▶ [WHAT TO PRODUCE] Exact copies of the lines below are the goal; any images in them are dropped.
___ DATA PROVIDED
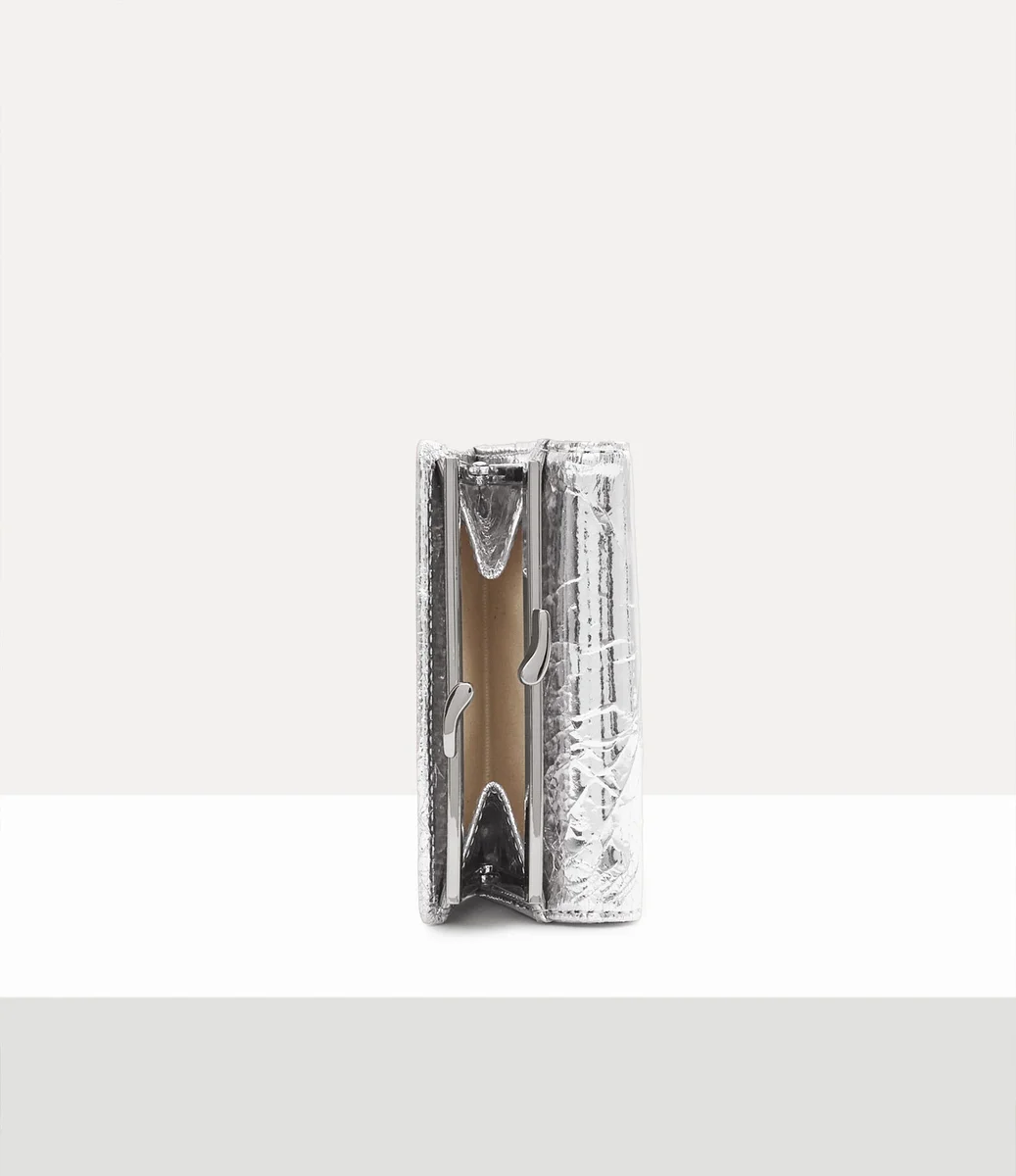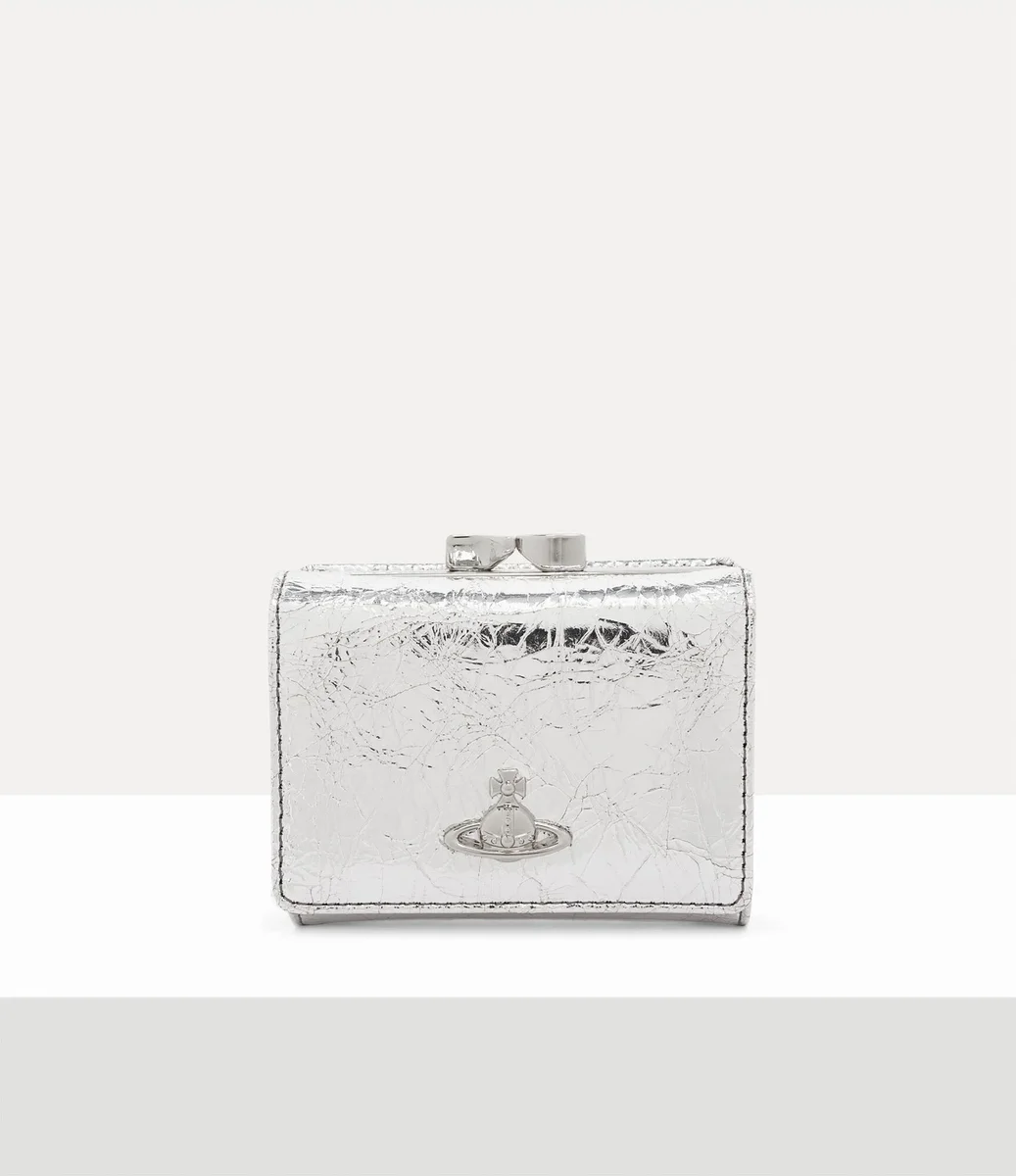 Unsere kleine Frame-Geldbörse präsentiert sich in dieser Saison mit einem metallischen Lederdesign mit Knittereffekt, das von den reichhaltigen Archiven des Hauses inspiriert ist. Die Geldbörse bietet ein übersichtliches Innenleben und ist auf der Vorderseite mit unserem Relief-Kugelmotiv verziert, das die Philosophie symbolisiert, die Vergangenheit in die Zukunft zu tragen.
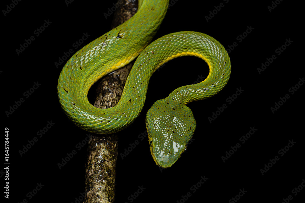 Closeup, macro shot of Bamboo pit viper, Snake, Matheran, Western ghats, India
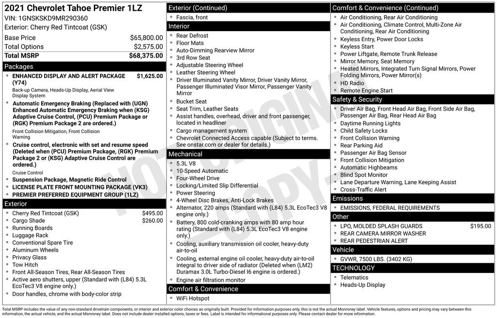 4D Sport Utility 2021 Chevrolet Tahoe Premier 4WD EcoTec3 5.3L V8 10-Speed Automatic with Overdrive
______
▶ [ANSWER TO THIS EXERCISE]
 Unsere kleine Frame-Geldbörse präsentiert sich in dieser Saison mit einem metallischen Lederdesign mit Knittereffekt, das von den reichhaltigen Archiven des Hauses inspiriert ist. Die Geldbörse bietet ein übersichtliches Innenleben und ist auf der Vorderseite mit unserem Relief-Kugelmotiv verziert, das die Philosophie symbolisiert, die Vergangenheit in die Zukunft zu tragen.
 Closeup, macro shot of Bamboo pit viper, Snake, Matheran, Western ghats, India
 4D Sport Utility 2021 Chevrolet Tahoe Premier 4WD EcoTec3 5.3L V8 10-Speed Automatic with Overdrive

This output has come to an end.